Subsequently, during a first transitional phase of seven years, the result of the aggregation exercise is allocated to each group member based on their share in the taxable results during the previous three years. Meanwhile the EC will review the results of this approach and may at a later stage propose a permanent approach of “formulary apportionment”.


3. Local adjustments

Finally, each group member will need and be allowed to make local adjustments to the part of the group result that has been allocated to them respectively, as long as those adjustments are compliant with the Pillar II rules.

Therefore, member states will be allowed to grant further deductions and tax incentives. They will also need to provide cross-border relief for both taxable profit allocated to other member states as well as cross-border losses and provided the beneficial owner is a BEFIT group member, no withholding tax on interest and royalty payments is allowed.

Moreover, all be it subject to anti-abuse rules, transfer pricing compliance is subject to a simplified approach with regards to transactions between BEFIT group members, as are business reorganizations with BEFIT groups.

Finally, the BEFIT proposal contains a detailed set of rules that should be applied to individual entities joining or leaving a BEFIT group during the year.
 

Procedure and administration

Each BEFIT group will need to submit a BEFIT information return annually. That return needs to be submitted by the group “filing entity” (in principle the ultimate parent entity) within four months after the end of the fiscal year. This return needs to be submitted with the domestic tax authorities of the filing entity as a one-stop-shop for the whole BEFIT group. In turn, they will share the contents of the return with all EU member state tax authorities in which the BEFIT group has members.

The BEFIT information return will have to contain:

  • The identity of the filing entity and the other BEFIT group members;
  • The overall corporate structure of the BEFIT group including ownership interest;
  • The fiscal year to which the return relates
  • Information and computation of:
    • The outcome of the preliminary tax result of each BEFIT group member;
    • The BEFIT tax base;
    • The allocated part of each BEFIT group member;
    • Information about the ‘baseline allocation percentage’ as computed in accordance with the directive.

The individual BEFIT group members would still need to submit their individual corporate income tax returns with their domestic tax authorities (and members who are nationals of the same EU member state may choose to submit one combined corporate tax return if domestic legislation provides for that possibility).

The respective domestic tax authorities will be the competent authorities for the further procedural handling of the domestic corporate income tax returns of the respective members who are tax resident in their jurisdiction, including the audits of said returns.

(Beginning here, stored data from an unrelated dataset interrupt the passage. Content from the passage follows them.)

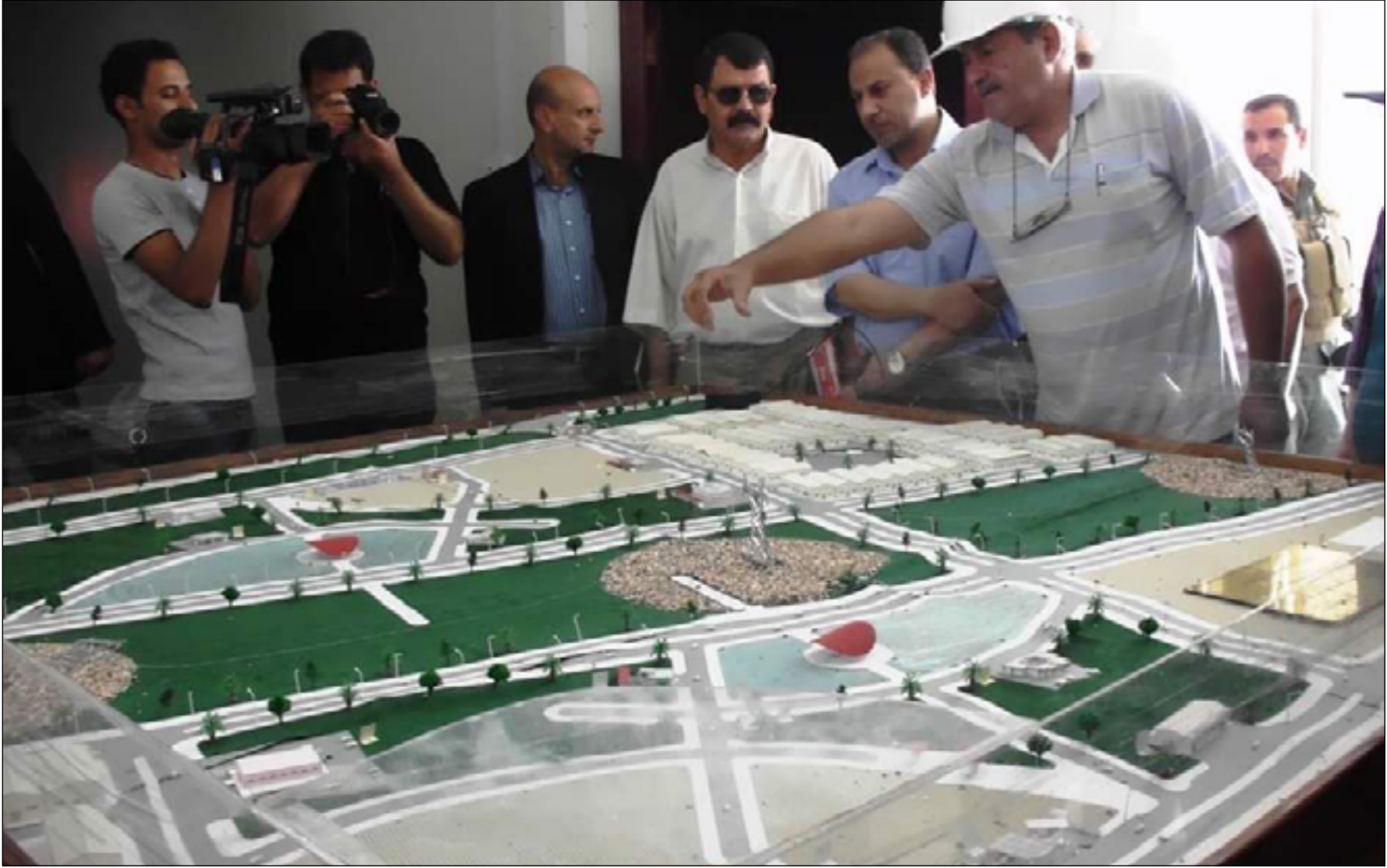
الرسوم المرسومة لمدينة ذي قار الصناعية
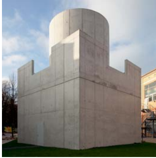
JAMES TURRELL, THIRD BREATH, 2009
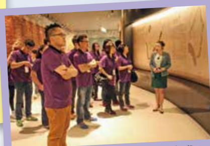
參觀南寧市規劃展示館，了解南寧之過去及未來發展規劃
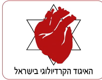
האיגוד הקרדיולוגי בישראל
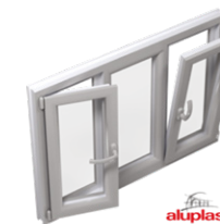
Draai- / kiepraam

The domestic authorities of the filing entity however will also have jurisdiction with respect to the BEFIT information return.

 

Next steps

This proposal is sent over to both the European Parliament (in a consulting capacity) and the European Council. It will be the European Council where this proposal will be assessed and where further negotiations amongst the member states will take place.

Considering its contents (i.e., direct taxation), unanimous acceptance of the final proposal is required for the directive to ultimately be approved and implemented. It may therefore take many years before this, or an amended version of BEFIT is approved.

As BEFIT builds on the OECD/G20 international tax agreement on a global minimum tax and the EU Pillar II Directive, the Commission is hopeful that the BEFIT proposal would be adopted by the European Council. If so, member states would have to transpose the BEFIT directive into their national legislation by 1 January 2028 with the directive applying as from 1 July 2028.